En conferencia de prensa, el presidente del Estado Plurinacional de Bolivia, Rodrigo Paz, se refirió a la decisión de expulsar a la embajadora de Colombia en Bolivia tras las declaraciones de su homólogo colombiano, Gustavo Petro, quien calificó las movilizaciones que mantienen cercada la ciudad de La Paz como una “insurrección popular” en respuesta a “la soberbia geopolítica”. Petro incluso manifestó su disposición a mediar en el conflicto político.
Paz recordó los lazos históricos entre Bolivia y Colombia, forjados en procesos de liberación conjunta, y lamentó la postura del presidente Petro. “La conducta del presidente Petro es irreprochable porque confunde la ideología con las relaciones entre naciones. La principal causa de nuestra unidad es la libertad por la cual nacimos como continente. Que Petro no se confunda: hoy es presidente, mañana será un ciudadano más”, afirmó.
El mandatario boliviano subrayó que la expulsión de la embajadora responde a la defensa de la institucionalidad democrática. “El ataque de Petro es un ataque a la democracia boliviana. Ha preferido su ideología, que parece carecer de conceptos democráticos, por encima del respeto entre naciones. Por eso su embajadora se va; lo sentimos mucho, pero se va porque representa la voluntad antidemocrática del señor Petro”, declaró.

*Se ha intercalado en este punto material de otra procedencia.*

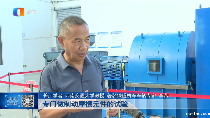 西南交通大学教授、著名铁道机车车辆专家李芾教授对试验台进行了介绍。据介绍,这个试验台主要用于货运列车上制动部件闸瓦的性能检测,目前国内仅有三家实验室能开展检测业务。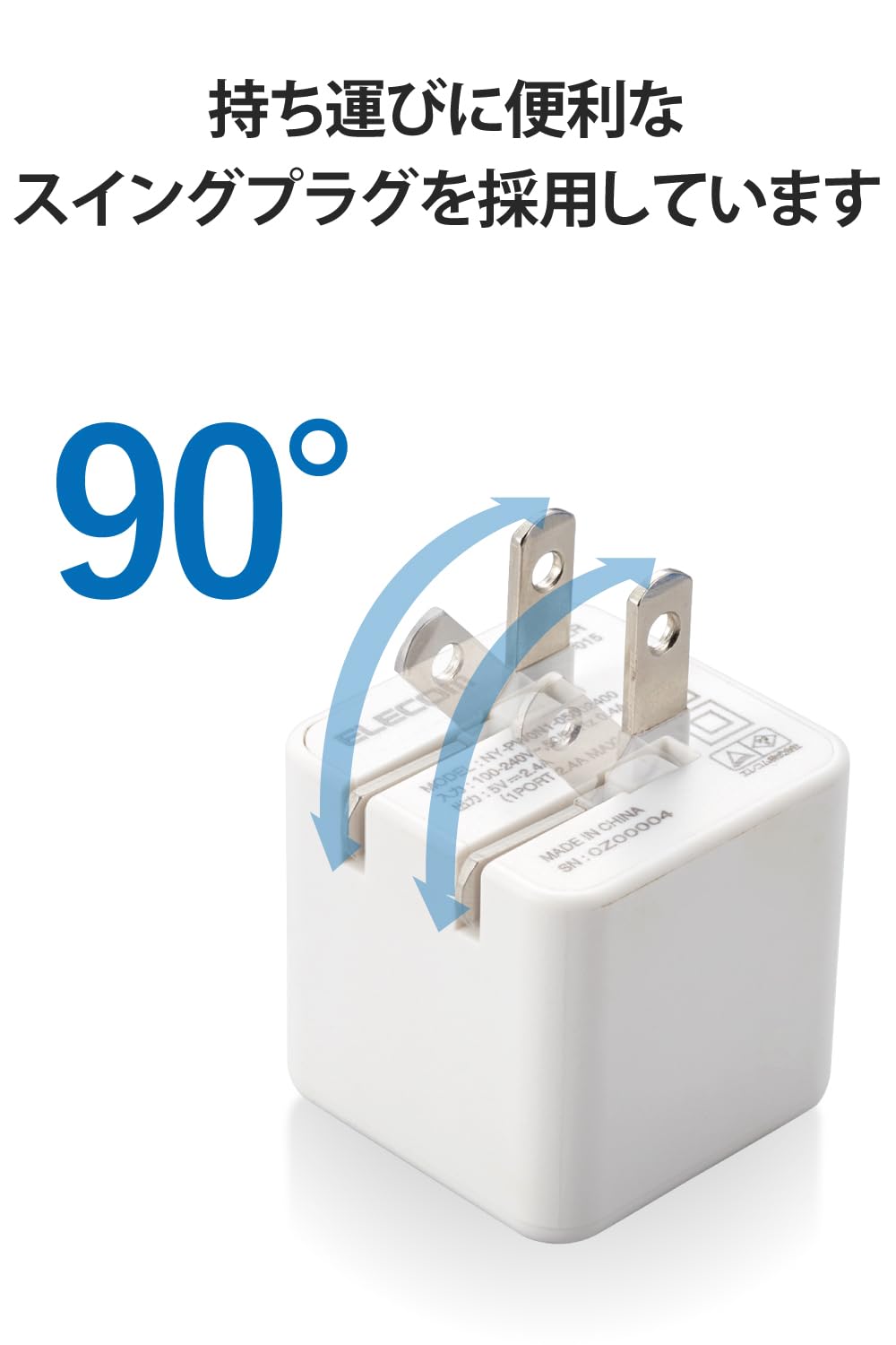 ■未使用時は電源プラグを折りたたんで充電器本体に収納可能です。スッキリとコンパクトに収納できるので、持ち運びにも便利です。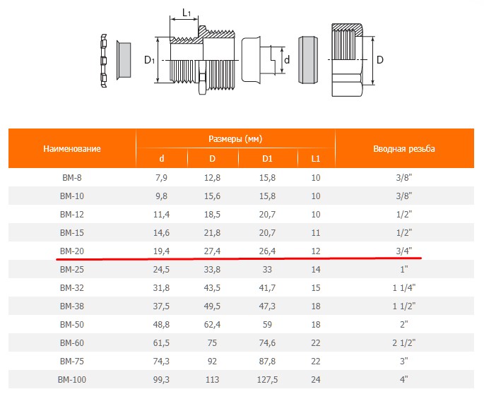 - Муфта вводная для металлорукава ВМ (РКн)-20 (3/4")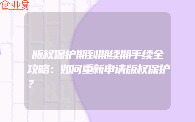 - 版权保护期到期续期手续全攻略:如何重新申请版权保护?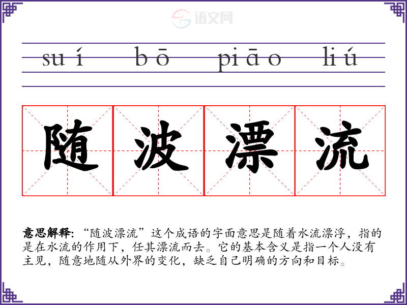 “随波漂流”这个成语的字面意思是随着水流漂浮,指的是在水流的作用下,任其漂流而去。它的基本含义是指一个人没有主见,随意地随从外界的变化,缺乏自己明确的方向和目标。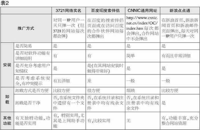 小结:这点上新浪点点通做得最好,让人非常清楚它的每一项功能及使用方法,其次是百度IE搜索伴侣和3721网络实名,CNNIC通用网址在这方面做得比较简单。

Paz enfatizó que Bolivia nunca se ha referido a Colombia en términos negativos y que, por el contrario, mantiene gratitud hacia ese país por haber acogido a bolivianos durante las dictaduras. “Nosotros siempre hemos hablado de Colombia con respeto y agradecimiento. Pero no podemos aceptar esta injerencia que vulnera nuestra soberanía y nuestra democracia”, concluyó.